> [Problem details] In the entries below, begin at the line with "今回の掲示は、歯の健康にかか" and stop after the line with "Giuseppe乔治白夏季男竹纤维轻薄短袖衬衫撞色格子休闲修身衬衣"; output those lines exactly and omit the pictures.

> [Dataset extract]
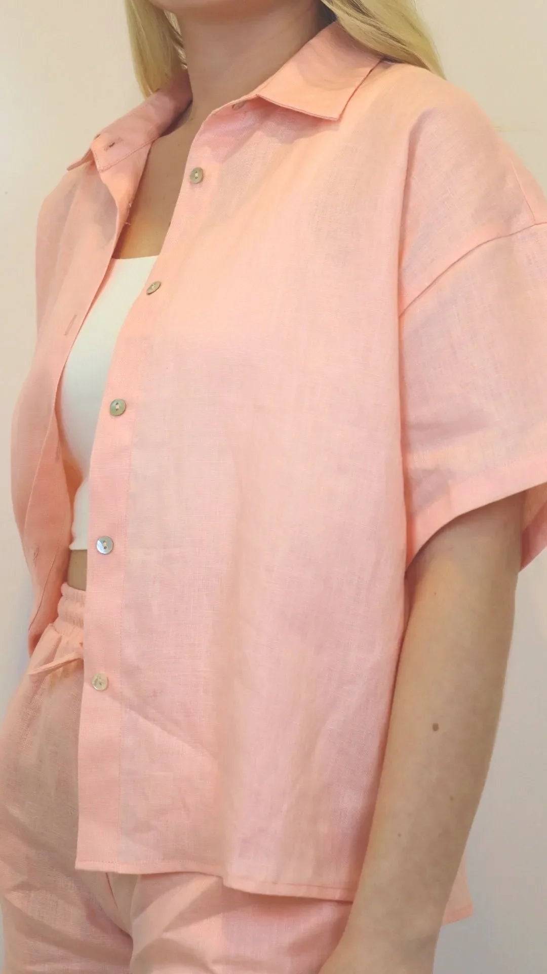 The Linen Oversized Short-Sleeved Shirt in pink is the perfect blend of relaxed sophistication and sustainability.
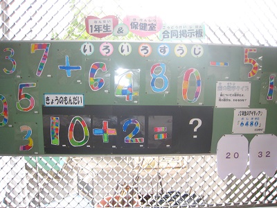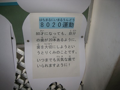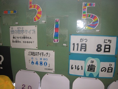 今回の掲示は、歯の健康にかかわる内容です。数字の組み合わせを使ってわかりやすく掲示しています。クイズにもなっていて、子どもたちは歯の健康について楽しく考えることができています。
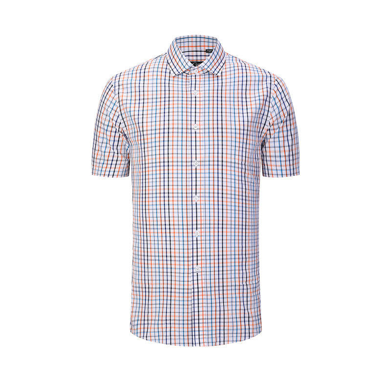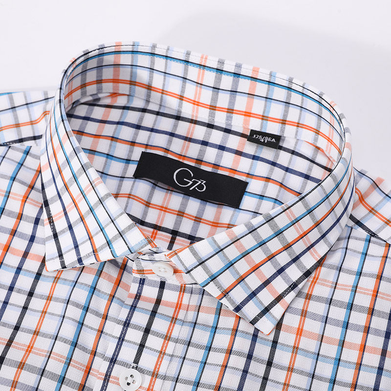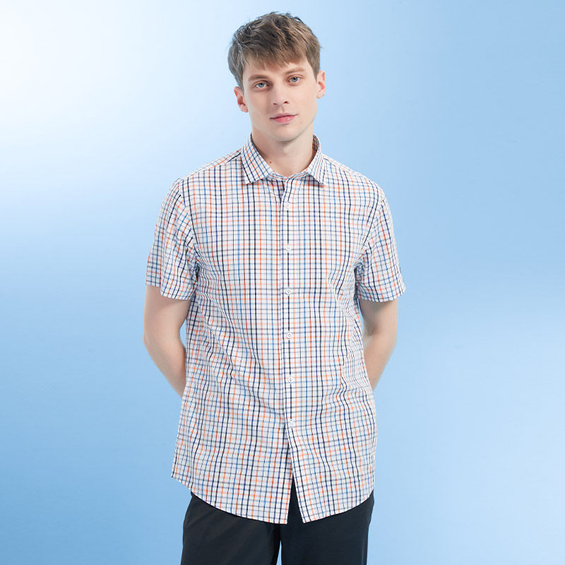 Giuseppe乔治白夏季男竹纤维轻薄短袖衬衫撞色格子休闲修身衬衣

...

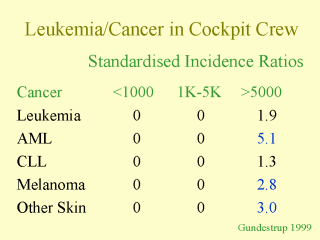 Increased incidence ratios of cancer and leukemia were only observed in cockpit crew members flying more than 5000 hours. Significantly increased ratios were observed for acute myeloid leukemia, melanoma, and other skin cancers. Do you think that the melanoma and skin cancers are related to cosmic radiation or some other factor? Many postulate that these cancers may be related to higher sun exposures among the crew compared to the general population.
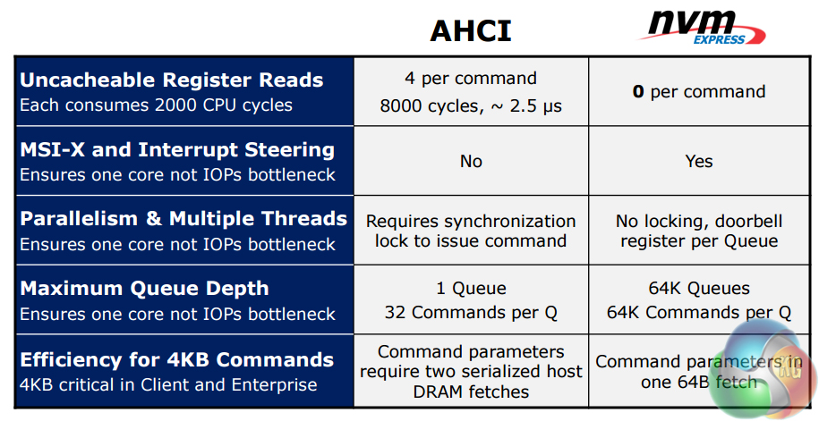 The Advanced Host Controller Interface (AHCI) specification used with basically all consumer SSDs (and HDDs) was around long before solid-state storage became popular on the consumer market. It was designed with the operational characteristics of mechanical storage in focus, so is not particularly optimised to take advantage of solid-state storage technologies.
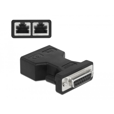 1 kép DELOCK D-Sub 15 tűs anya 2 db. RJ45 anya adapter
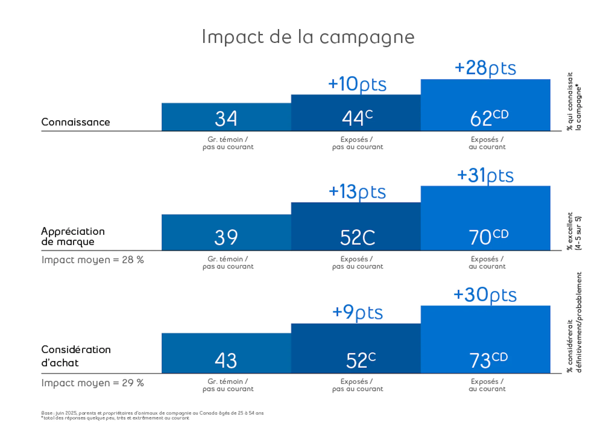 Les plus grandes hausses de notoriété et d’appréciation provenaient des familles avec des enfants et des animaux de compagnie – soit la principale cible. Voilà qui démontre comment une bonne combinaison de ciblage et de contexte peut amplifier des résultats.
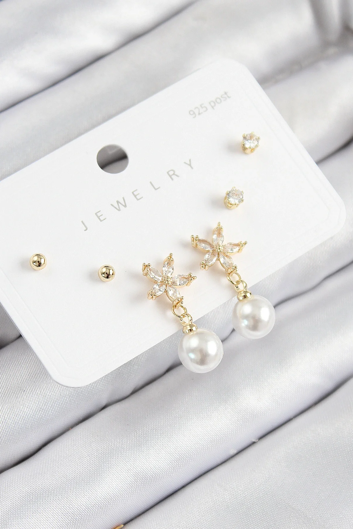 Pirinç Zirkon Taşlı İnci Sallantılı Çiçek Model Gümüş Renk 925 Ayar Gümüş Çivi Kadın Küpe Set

> [Result for this task]
 今回の掲示は、歯の健康にかかわる内容です。数字の組み合わせを使ってわかりやすく掲示しています。クイズにもなっていて、子どもたちは歯の健康について楽しく考えることができています。
 Giuseppe乔治白夏季男竹纤维轻薄短袖衬衫撞色格子休闲修身衬衣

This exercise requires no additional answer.